Une offre est-elle irrégulière si le candidat remet un bordereau de prix "caduc" ? Le Conseil d’Etat, à l’occasion d’un contentieux, a dû répondre à cette question. En l’espèce, le département de Corse du Sud avait lancé une procédure d’appel d’offres pour une opération de travaux. Elle avait écarté un pli au motif que la société n’avait pas utilisé le bordereau en vigueur. En effet, la collectivité avait modifié, au cours de la consultation, le document. La candidate a alors déposé une requête devant le juge du référé précontractuel. Elle a fait valoir que le montant de sa proposition était, malgré ce manquement, calculé sur la base du bordereau modificatif. La décision de rejet a été annulée par le tribunal administratif (TA) de Bastia. Le département s’est alors pourvu en cassation.

Irrégularité en raison d'une erreur rédhibitoire 

          
La règle est simple : une offre ne respectant pas les exigences formulées dans les documents de la consultation est irrégulière car elle est incomplète (article 59 du décret n°2016-360 du 25 mars 2016). Toutefois, elle n’est pas absolue. Gilles Pellissier, rapporteur public devant la haute juridiction a mentionné en exemple l’arrêt société Hexagone : « L’absence, dans l'enveloppe contenant l'offre d'une entreprise, d'une pièce exigée par le pouvoir adjudicateur à l'appui des offres, ne justifie pas à elle seule l'élimination de cette offre dès lors que la pièce a bien été produite mais a été incluse par erreur au sein de l'enveloppe relative à la candidature de l'entreprise » (CE, 7 novembre 2008, n° 292570). L’erreur ne doit pas être rédhibitoire, c’est-à-dire qu'elle ne doit avoir aucune conséquence sur le contenu de la proposition, a rappelé le rapporteur public lors de la lecture de ses conclusions.

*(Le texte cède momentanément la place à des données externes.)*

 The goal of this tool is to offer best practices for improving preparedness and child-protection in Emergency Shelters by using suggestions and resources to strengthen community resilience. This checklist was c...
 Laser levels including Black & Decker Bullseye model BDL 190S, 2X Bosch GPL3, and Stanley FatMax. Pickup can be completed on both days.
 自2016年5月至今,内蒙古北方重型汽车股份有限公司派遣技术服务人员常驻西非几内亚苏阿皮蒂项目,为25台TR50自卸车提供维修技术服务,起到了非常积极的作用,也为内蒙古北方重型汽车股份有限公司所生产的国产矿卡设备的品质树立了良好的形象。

La seule circonstance de l’utilisation d’un bordereau initial : « n’était pas de nature, à elle seule, à pouvoir faire regarder son offre comme irrégulière »

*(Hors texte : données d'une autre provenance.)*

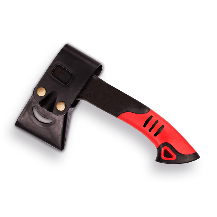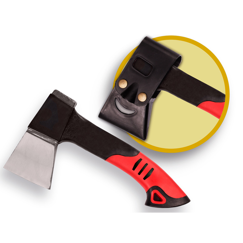Handbijl of campingbijl met een gewicht van 500 gram, compleet met fiberglassteel 23 cm met anti slip uiteinde, geleverd met holster om aan de broekriem te bevestigen, merk Everest.

Dans la présente affaire, le TA s'est fondé sur le détail estimatif des prix remis par la société évincée pour constater que les prestations intégrées ultérieurement dans le bordereau ont bien été prises en compte. La seule circonstance de l’utilisation d’un bordereau initial : « n’était pas de nature, à elle seule, à pouvoir faire regarder son offre comme irrégulière », a certifié le juge du référé. Les sages du Palais Royal l’ont suivi.   

Possibilité d’éclaircir une offre en régularisant


Le TA va plus loin en critiquant l’habitude de la collectivité. Cette dernière n’a pas usé de ses pouvoirs. « Le département aurait pu lever toute éventuelle ambiguïté en lui demandant une régularisation sur ce point » a déclaré le magistrat.

« Le département aurait pu lever toute éventuelle ambiguïté en lui demandant une régularisation sur ce point »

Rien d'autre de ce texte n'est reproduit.